Depois voltou para casa e fechou a porta. — Ainda falta muito
tempo para o jantar? — perguntou ela a uma criada que ia a atravessar o
corredor.
— Ainda falta um bocadinho, menina — disse a criada. Então Joana
foi à cozinha ver a cozinheira
Gertrudes, que era uma pessoa extraordinária porque mexia nas
coisas quentes sem se queimar e nas facas mais aguçadas sem se cortar, e
mandava em tudo, e sabia tudo. Joana achava-a a pessoa mais importante que ela
conhecia.
A Gertrudes tinha aberto o forno e estava debruçada sobre os
dois perus do Natal. Virava-os e regava-os com molho. A pele dos perus, muito
esticada sobre o peito recheado, já estava toda doirada.

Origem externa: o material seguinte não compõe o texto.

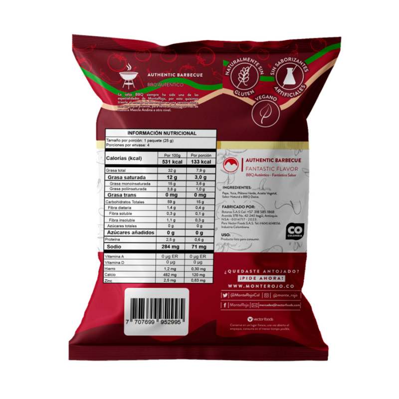 Irresistibles chips crocantes de papas gruesas y rústicas, plátanos verdes y yucas, con nuestro inconfundible sabor BBQ dulce. Cada bolsa de 100g te garantiza frescura y conveniencia para disfrutar en cualquier momento. Experimenta el sabor que no podrás resistir y descubre el maridaje perfecto. Es un producto sin azucar añadido, sin conservantes artificiales, sin grasas trans, sin colesterol y libre de gluten.
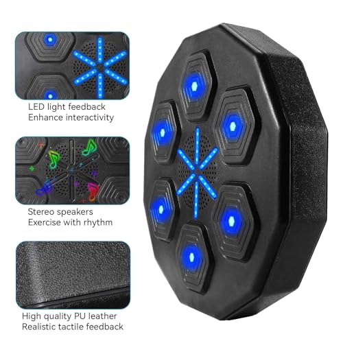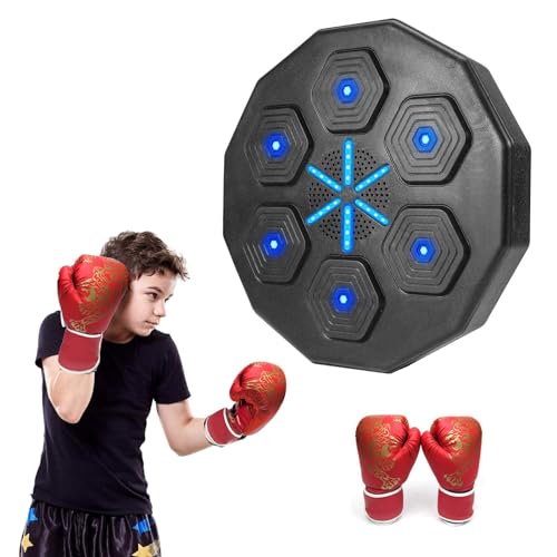 Fulluky - Music Boxing Machine, Music Electronic Boxing, Wall Target Boxing Machine, with 6 Lights and Bluetooth Sensor, Boxing Training Devices with Boxing Gloves
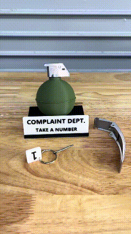 Make a statement with this funny and bold "Complaint Dept. - Take a Number" sign, featuring a realistic 3D-printed grenade replica.
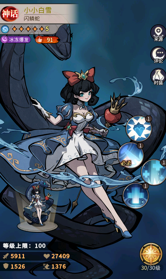 玩过卡牌游戏的小伙伴都晓得,前期阵容搭配不仅影响开荒进度,还影响自己游戏体验的爽感,有时间的小伙伴可以刷一个开局号,目前强度中,新手阵容建议选择小小红帽和白雪作为核心,这两个卡的强度作为输出极其优秀,能带来较好的开局体验。其次就是新手阵容是可以出现多张稀有蛇灵的,但是个人建议不要特意追求多张稀有蛇灵,大部分稀有蛇灵强度不行,就是狗粮的命,优先养成小小白雪,爆发输出,技能击杀追击,并提升稳定给敌方附加【冰冻】状态的能力,可以让你在前期推图无忧,在养成上白雪的核心属性就是暴击、暴击、暴击。能堆暴击的地方优先选择暴击就对了。白雪本身的暴击属性就高,暴击堆起来,满屏红字,看着就舒服。
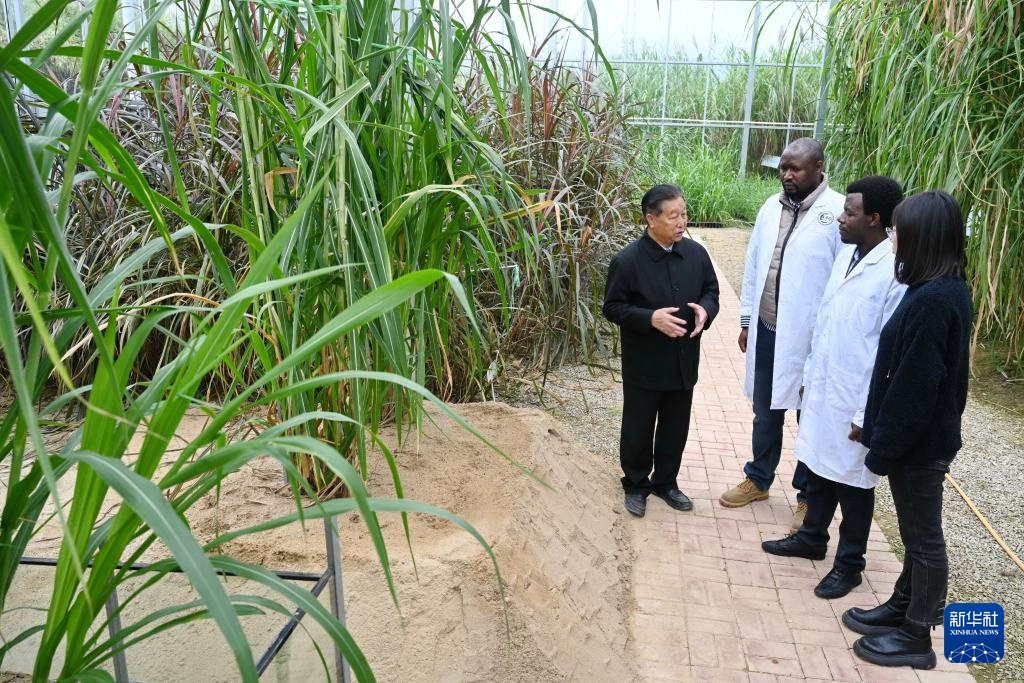 林占熺(左一)在国家菌草工程技术研究中心菌草种质资源圃给马文博(左二)等外国留学生讲解菌草的种植培育技术(2021年11月23日摄)。
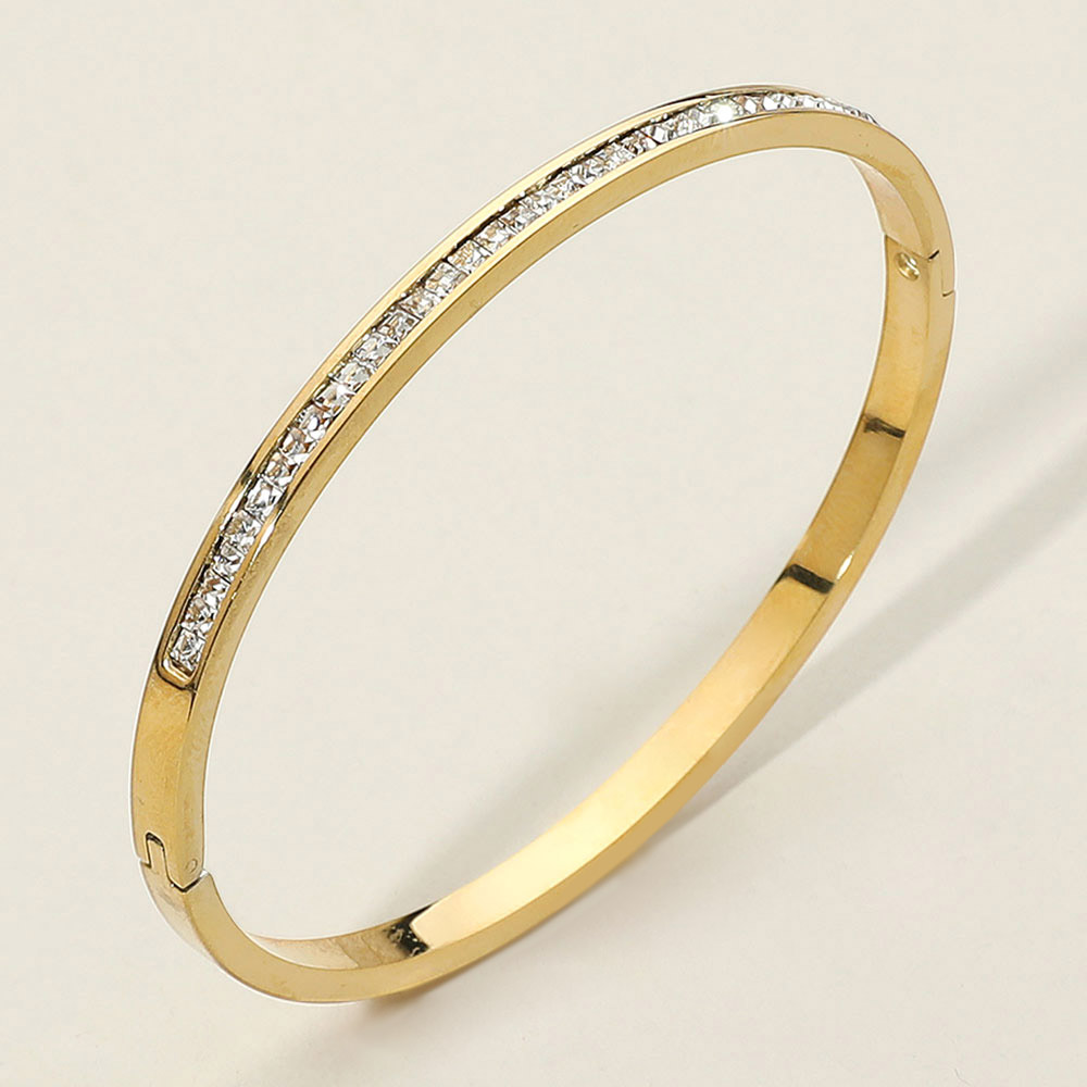 SECRET BOX_Stainless Steel Single Row Rhinestone Paved Hinged Bangle Bracelet

— Gertrudes, ouve uma coisa — disse Joana.
A Gertrudes levantou a cabeça e parecia tão assada como os
perus.
— O que é? — perguntou ela.
— Que presentes é que achas que eu vou ter?
— Não sei — disse Gertrudes — não posso adivinhar.

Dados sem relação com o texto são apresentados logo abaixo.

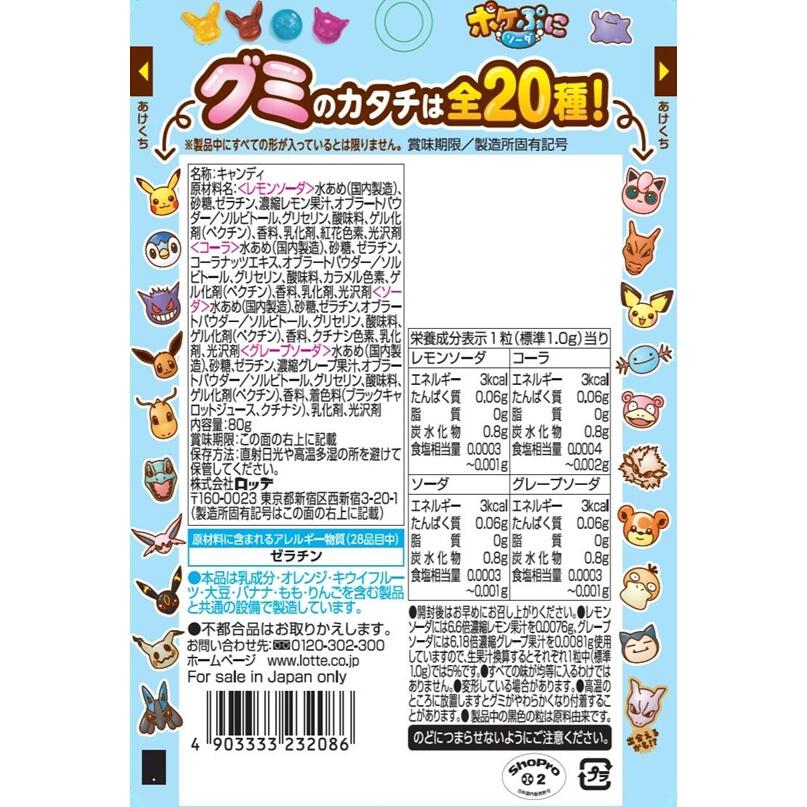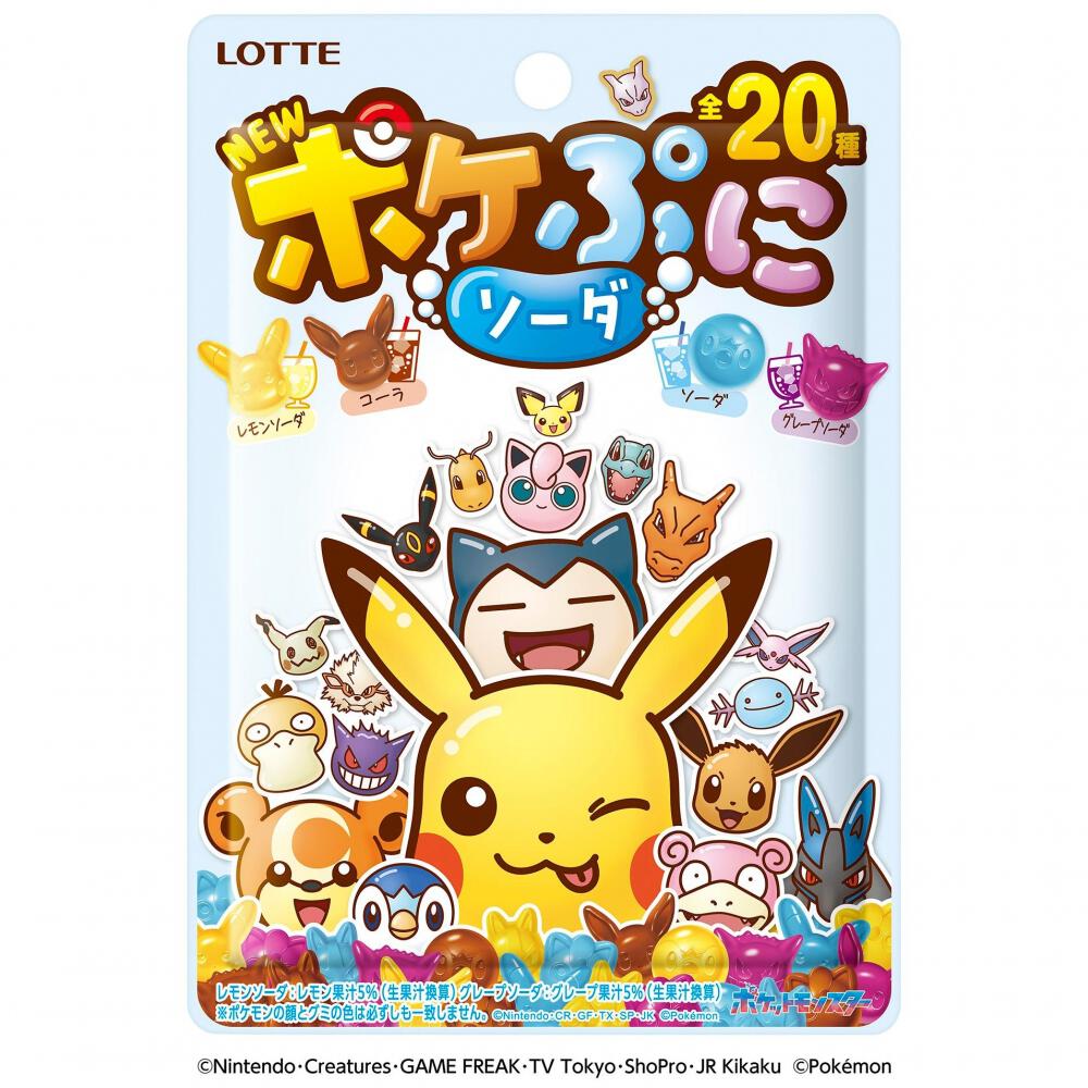 ピカチュウやイーブイなど、可愛いポケモンの顔のグミがいっぱい入った4つの味のソーダアソートグミ。

Mas Joana tinha a maior confiança na sabedoria de Gertrudes e
por isso continuou a fazer perguntas.
— E achas que o meu amigo vai ter muitos presentes?

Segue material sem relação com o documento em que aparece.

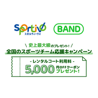 【BAND×Sportivoスポーツチーム応援キャンペーン】史上最大級のレンタルコート利用料5,000円OFFクーポンプレゼント!
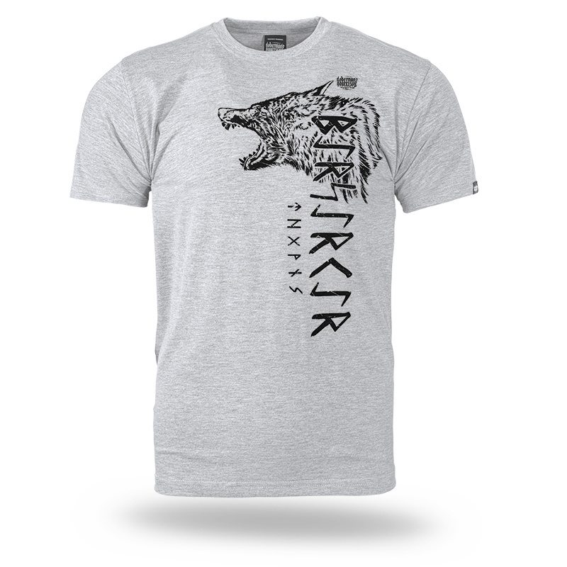 Koszulka męska z krótkim rękawem w klasycznym fasonie. Odzież wykonana z bawełny o gramaturze 200g. Na lewym rękawku mała metka z logo Doberman’s Aggressive. Z przodu koszulki grafika przedstawiająca głowę wilka z otwartą paszczą. Całość uzupełnia napis BERSERKER wykonany wzdłuż koszulki, oraz małe logo marki.
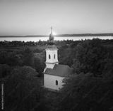 Small chapel in the sunset in Szantodpuszta, Hungary
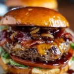 A gourmet burger featuring smoky bacon, juicy beef patties, and a homemade BBQ sauce infused with maple syrup and bourbon, delivering a symphony of flavors.
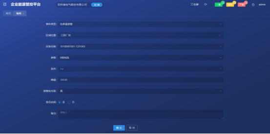 - 检测:对能源报警信息进行集中显示,可以对报警阈值信息进行相关处理操作,可以对报警参数进行在线设置,当能源参数越限报警,可提供报警重要性等级分类,具备APP推送、手机短信、邮件、钉钉、语音播报、系统弹窗等报警提示;
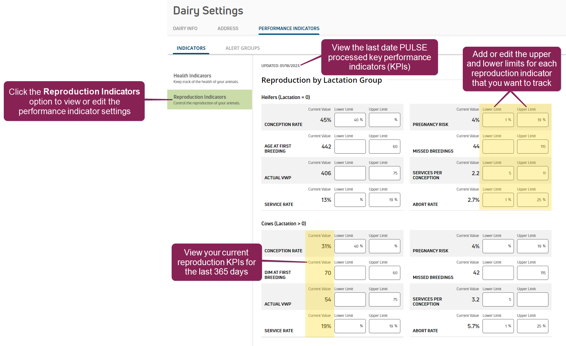 PULSE does not currently support alerts and notifications for reproduction indicators. However, you'll see the reproduction indicators you're currently tracking on the Reproduction Insights report, which tracks cow and heifer reproduction across your herd.

— Qual amigo? — disse a cozinheira.
— O Manuel.
— O Manuel não. Não vai ter presentes nenhuns.
— Não vai ter presentes nenhuns!?
— Não — disse a Gertrudes abanando a cabeça.
— Mas porquê, Gertrudes?
— Porque é pobre. Os pobres não têm presentes.
— Isso não pode ser, Gertrudes.
— Mas é assim mesmo — disse a Gertrudes fechando a tampa do
forno.
Joana ficou parada no meio da cozinha. Tinha compreendido que
era «assim mesmo».
Porque ela sabia que a Gertrudes conhecia o mundo. Todas as
manhãs a ouvia discutir com o homem do talho, com a peixeira e com a mulher da
fruta. E ninguém a podia enganar. Porque ela era cozinheira há trinta anos. E
há trinta anos que ela se levantava às sete da manhã e trabalhava até às onze
da noite. E sabia tudo o que se passava na vizinhança e tudo o que se passava
dentro das casas de toda a gente. E sabia todas as notícias, e todas as
histórias das pessoas. E conhecia todas as receitas de cozinha, sabia fazer
todos os bolos e conhecia todas as espécies de carnes, de peixes, de frutas e
de legumes. Ela nunca se enganava. Conhecia bem o mundo, as coisas e os homens.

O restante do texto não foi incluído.